Produce an exact transcription of the data, with the images left out.

SUPPLIED DATA:
◆ ◆ ◆ ◆ ◆

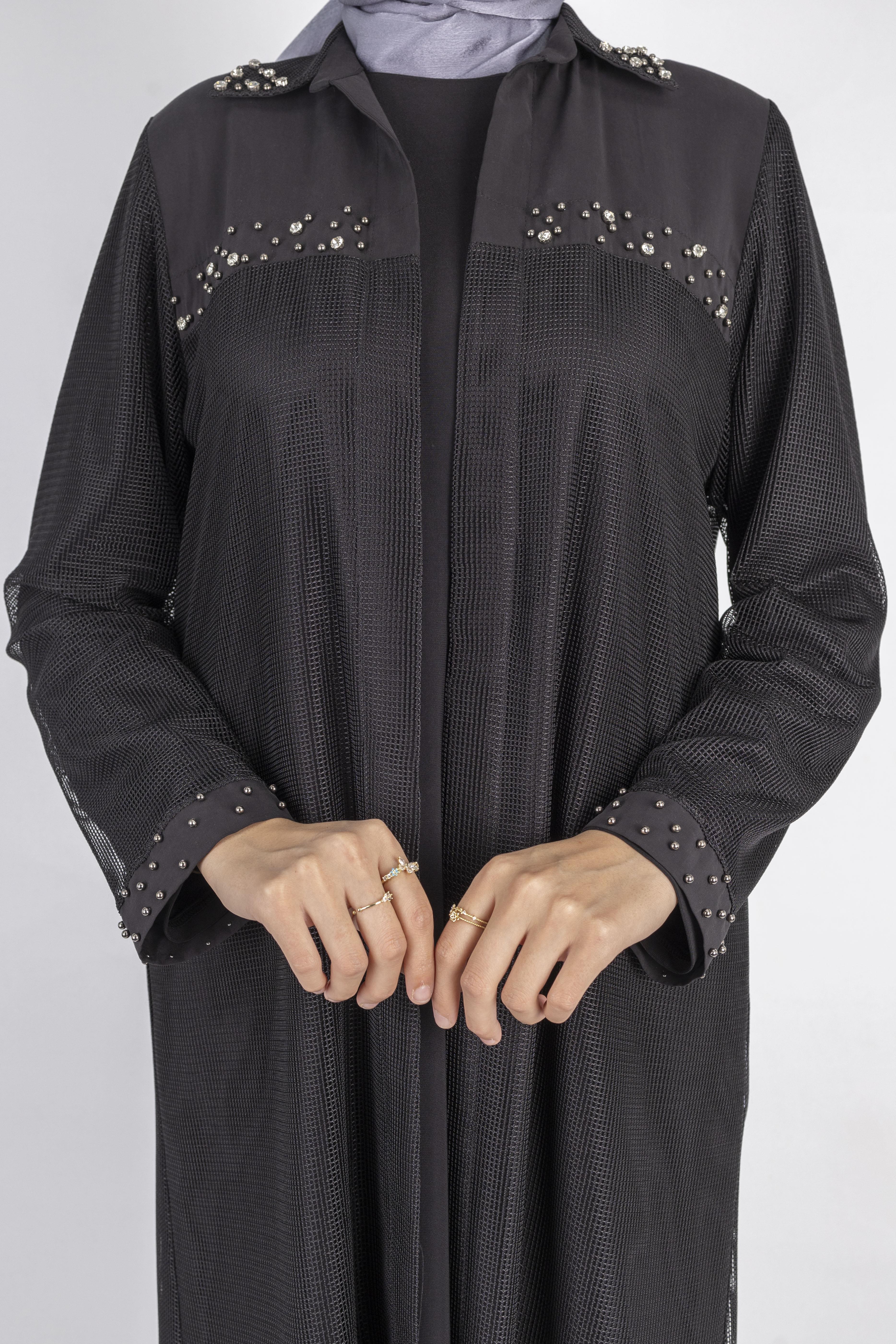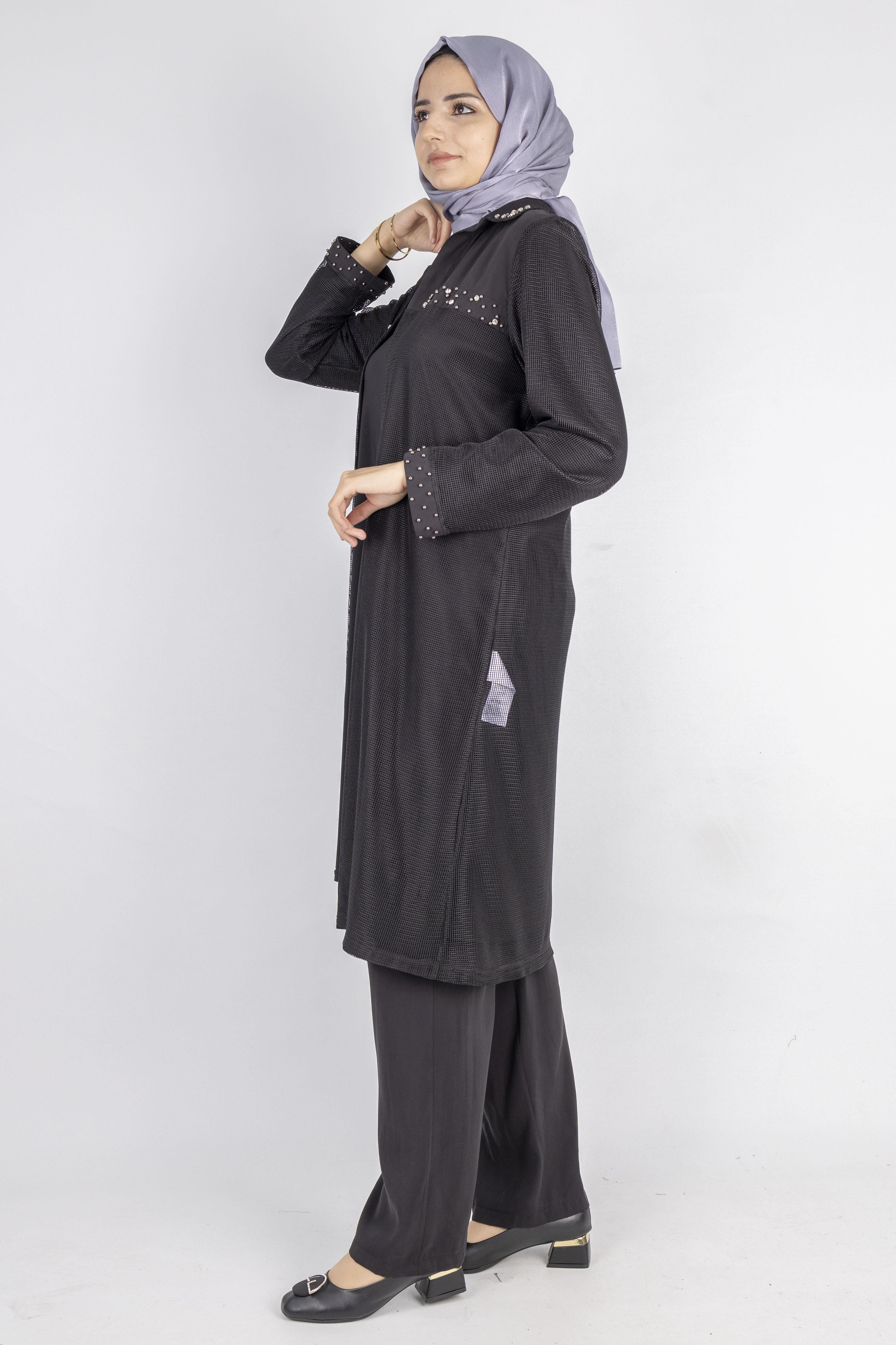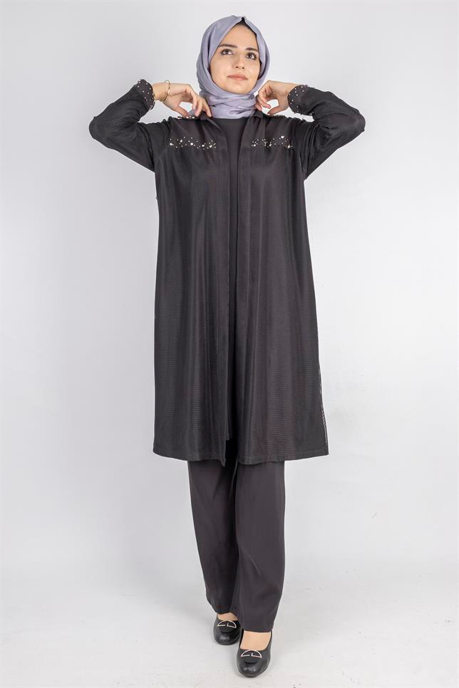 Ottoman Büyük Beden içlik ve File Kimono Takım Siyah OTW4242
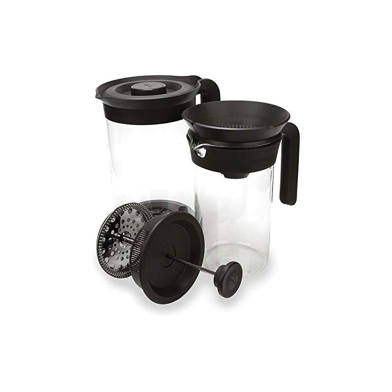 Innowacyjny zestaw kawiarka 3 w 1 do parzenia kawy La Cafetiere łączy w sobie funkcje ekspresu przelewowego, zaparzacza tłokowego (French Press) oraz cold brewera. Dzięki temu możesz cieszyć się trzema różnymi sposobami przygotowania ulubionej kawy, dopasowując napar do swojego nastroju i okazji.
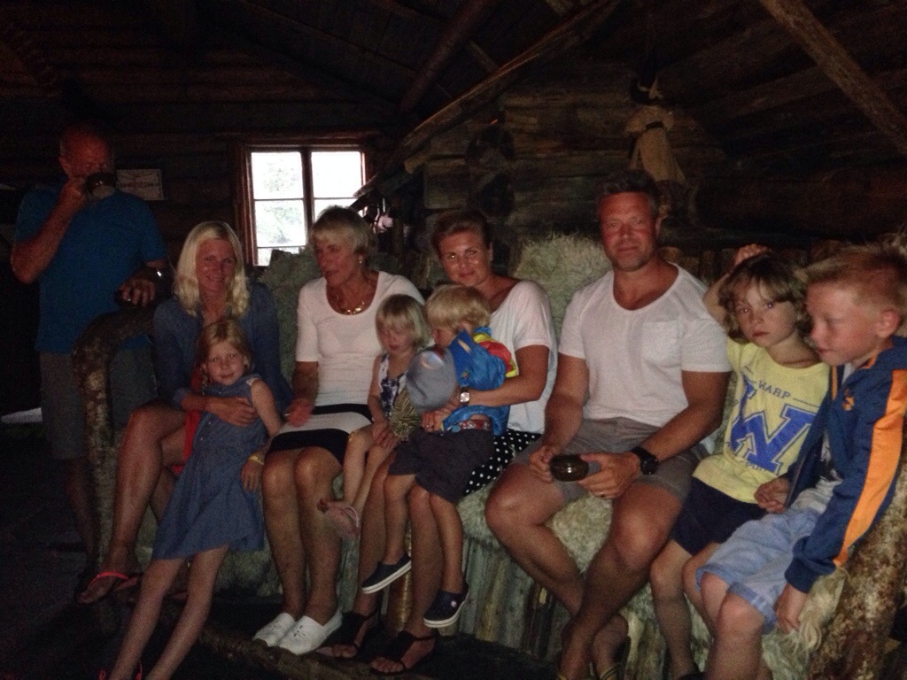 Med så mycket att fira hade vi bokat middag på byns enda restaurang som ligger tvärs igenom skogen från föräldrarnas gård – Korpens Öga. Ett häftigt hus i vikingastil med grästak, stengolv, urhuggna trädstammar som stolar och öppen eld i mitten. Ola som driver gården med islandshäst-turer, hotell, mat och ett kapell där jag och Jonas gifte oss, är dessutom duktig på att spela gitarr och sjunga. Igår bjöds vi på live-musik och god mat.
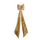 Questo fiocco natalizio laminato è una decorazione pensata per aggiungere un tocco di eleganza e luminosità all’albero di Natale o ad altre composizioni festive.

◆ ◆ ◆ ◆ ◆

ANSWER AREA:
 Ottoman Büyük Beden içlik ve File Kimono Takım Siyah OTW4242
 Innowacyjny zestaw kawiarka 3 w 1 do parzenia kawy La Cafetiere łączy w sobie funkcje ekspresu przelewowego, zaparzacza tłokowego (French Press) oraz cold brewera. Dzięki temu możesz cieszyć się trzema różnymi sposobami przygotowania ulubionej kawy, dopasowując napar do swojego nastroju i okazji.
 Med så mycket att fira hade vi bokat middag på byns enda restaurang som ligger tvärs igenom skogen från föräldrarnas gård – Korpens Öga. Ett häftigt hus i vikingastil med grästak, stengolv, urhuggna trädstammar som stolar och öppen eld i mitten. Ola som driver gården med islandshäst-turer, hotell, mat och ett kapell där jag och Jonas gifte oss, är dessutom duktig på att spela gitarr och sjunga. Igår bjöds vi på live-musik och god mat.
 Questo fiocco natalizio laminato è una decorazione pensata per aggiungere un tocco di eleganza e luminosità all’albero di Natale o ad altre composizioni festive.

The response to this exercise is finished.